What is required> Starting at the first line of the records and stopping at the line that contains "Η βιολογική σειρά", transcribe every line exactly and leave out the pictures.

........

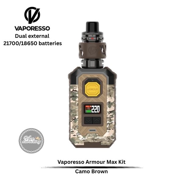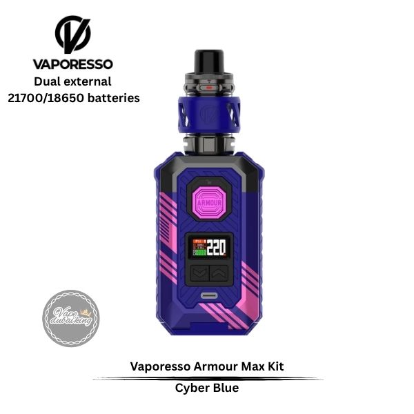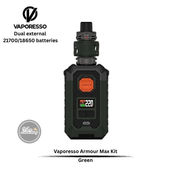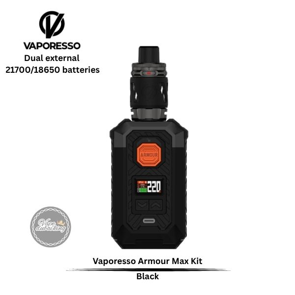 The Vaporesso Armour MAX Required dual 21700 batteries or 2x 18650 batteries, ensuring ample power for extended vaping sessions. With a wattage range of 5W to 220W, users can tailor their vaping experience to their liking. The device also supports fast charging via a Type-C connection, allowing for quick recharges and minimal downtime, making it suitable for those who vape on the move.
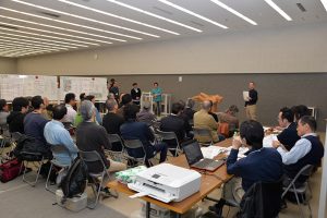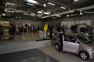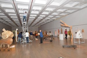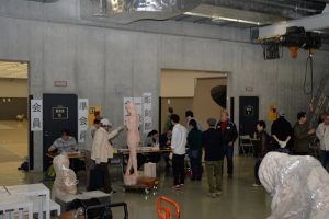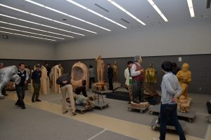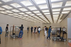 屋内陳列。作品設置が終わると、照明の調整をおこないます。
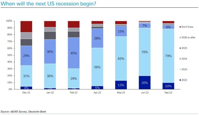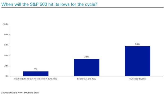 Междувременно по-малко от 10% от интервюираните считат, че фондовият пазар е достигнал дъното, като 58% споделят, че пазарът ще доближи дъното си за този цикъл през 2023 година или по-късно.
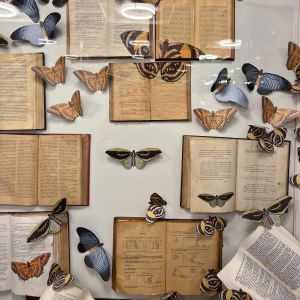 Upon arrival, the entry is two storeys high and filled with kitsch and wonderment. Large flying pigs in tutus, a painting of a pig drinking wine, colourful pinwheels on the wall, and hundreds of butterflies affixed to the ceiling.
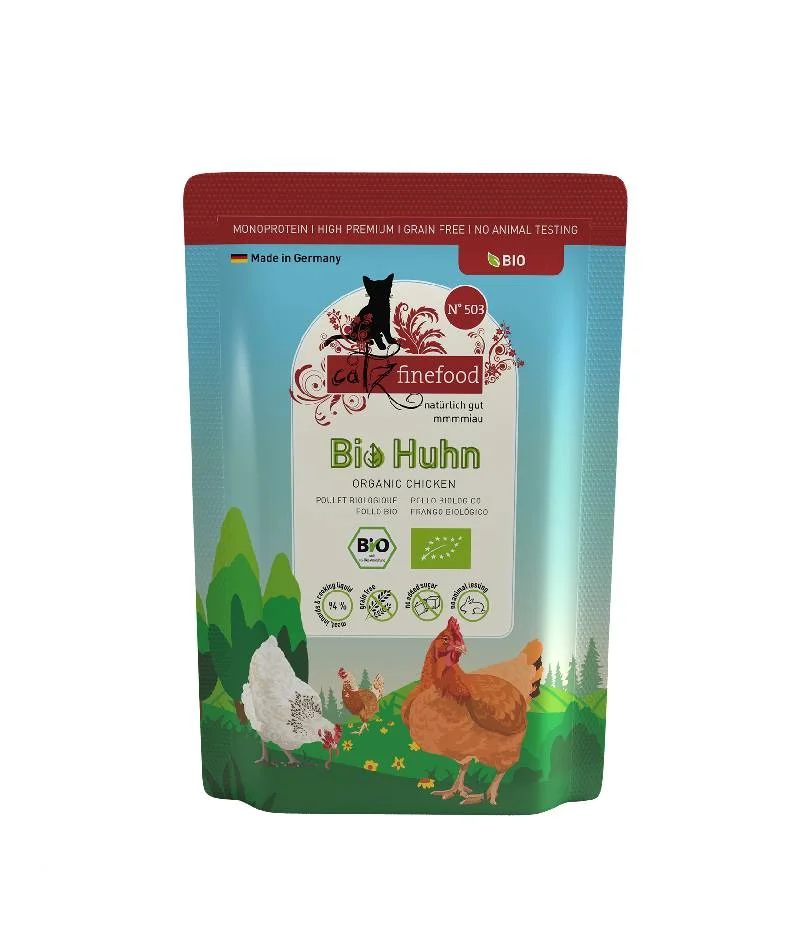 Η βιολογική σειρά Catz Finefood αντιπροσωπεύει τη φυσική σίτιση για τις γάτες. Τουλάχιστον 94% φρέσκο κρέας ή ψάρι καθώς και ζωμό μαγειρικής, συμπληρωμένο με άλλα φυσικά υλικά, φιλικά προς τις γάτες. Η μικρή λίστα των συστατικών μας είναι μέρος της φιλοσοφίας της Catz Finefood – όσο και αυτονόητο – και για αυτό κάθε ποικιλία βασίζεται σε ένα μόνο ένα είδος ζώου. Ως εκ τούτου είναι ιδανική τροφή για γάτες με τροφικές αλλεργίες. Χωρίς γλουτένη και δημητριακά, χωρίς χρωστικές, αρωματικές ουσίες ή συντηρητικά, χωρίς ζάχαρη, χωρίς γενετική μηχανική και χωρίς δοκιμές σε ζώα! Τα Catz Finefood Bio κατασκευάζονται στη Βαυαρία – Γερμανία και προσφέρονται σε έξι νόστιμες ποικιλίες.
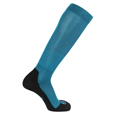 Warm and comfortable high socks, unisex, optimum for skiing and snowboarding Sizes L, for shoe sizes 5.5-7, anatomical design to fit the bone structure of the foot, elastic arch support Resistex Copper technology that eliminates microbes and odours, energy return, precise fit, does not move inside footwear Dryarn technology for moisture management and warm feet, sweat elimination, machine washable (30 degree Celsius) Contents: 1 x Salomon 1 Pair of unisex High Running Socks, QST Model, Polypropylene/Polyamide, Size M (5.5-7), Lyons Blue/Fjord Blue, LC1247700

........

Result for this exercise>
 The Vaporesso Armour MAX Required dual 21700 batteries or 2x 18650 batteries, ensuring ample power for extended vaping sessions. With a wattage range of 5W to 220W, users can tailor their vaping experience to their liking. The device also supports fast charging via a Type-C connection, allowing for quick recharges and minimal downtime, making it suitable for those who vape on the move.
 屋内陳列。作品設置が終わると、照明の調整をおこないます。
 Междувременно по-малко от 10% от интервюираните считат, че фондовият пазар е достигнал дъното, като 58% споделят, че пазарът ще доближи дъното си за този цикъл през 2023 година или по-късно.
 Upon arrival, the entry is two storeys high and filled with kitsch and wonderment. Large flying pigs in tutus, a painting of a pig drinking wine, colourful pinwheels on the wall, and hundreds of butterflies affixed to the ceiling.
 Η βιολογική σειρά Catz Finefood αντιπροσωπεύει τη φυσική σίτιση για τις γάτες. Τουλάχιστον 94% φρέσκο κρέας ή ψάρι καθώς και ζωμό μαγειρικής, συμπληρωμένο με άλλα φυσικά υλικά, φιλικά προς τις γάτες. Η μικρή λίστα των συστατικών μας είναι μέρος της φιλοσοφίας της Catz Finefood – όσο και αυτονόητο – και για αυτό κάθε ποικιλία βασίζεται σε ένα μόνο ένα είδος ζώου. Ως εκ τούτου είναι ιδανική τροφή για γάτες με τροφικές αλλεργίες. Χωρίς γλουτένη και δημητριακά, χωρίς χρωστικές, αρωματικές ουσίες ή συντηρητικά, χωρίς ζάχαρη, χωρίς γενετική μηχανική και χωρίς δοκιμές σε ζώα! Τα Catz Finefood Bio κατασκευάζονται στη Βαυαρία – Γερμανία και προσφέρονται σε έξι νόστιμες ποικιλίες.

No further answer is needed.